Thursday 2 November 2017

We're all muddling through

I live a life that 90% of the time is the same routine.

Eat. Sleep. Work. Repeat.

And sure I have my hobbies, I perform poetry, I write, I fit in the odd event here and there if I am not already too exhausted by the time I have spent at work. I long to get out of this place. I long to travel.

For a while now I have had the feeling of "I need to get out" every now and then I will find myself stuck in the same routine I have been living in for the past year and think "I need to get out". I am not yet sure what it is I am trying to escape from, I don't know if leaving this city will help, I know I have always felt so much better and healthier when I am travelling. I think it reminds you that the world is so big and in comparison the problems that I have are actually rather small.

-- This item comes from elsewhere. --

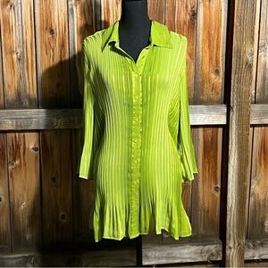 Maggie Barnes woman green blouse/top has a button front and long sleeves, pleated in a semi-sheer fabric, lightweight, the pic with the tag is the closest to the color

The thing is I could travel, we all could, if we weren't so scared. I am 'settled'. I have a job and get reminded daily by my friends at university how hard it is to find a job these days and how 'lucky' I am. Deep down I know I am lucky to be in the positon I am in at the age I'm at. I have plenty of days of leave I could take which I could spend exploring a new country or visiting a new city but I know for that I have to be brave enough to go alone.

I hope to document all the places I go and all the experiences I have on this blog and hope that my journey, whatever that may be will inspire you to live your best life.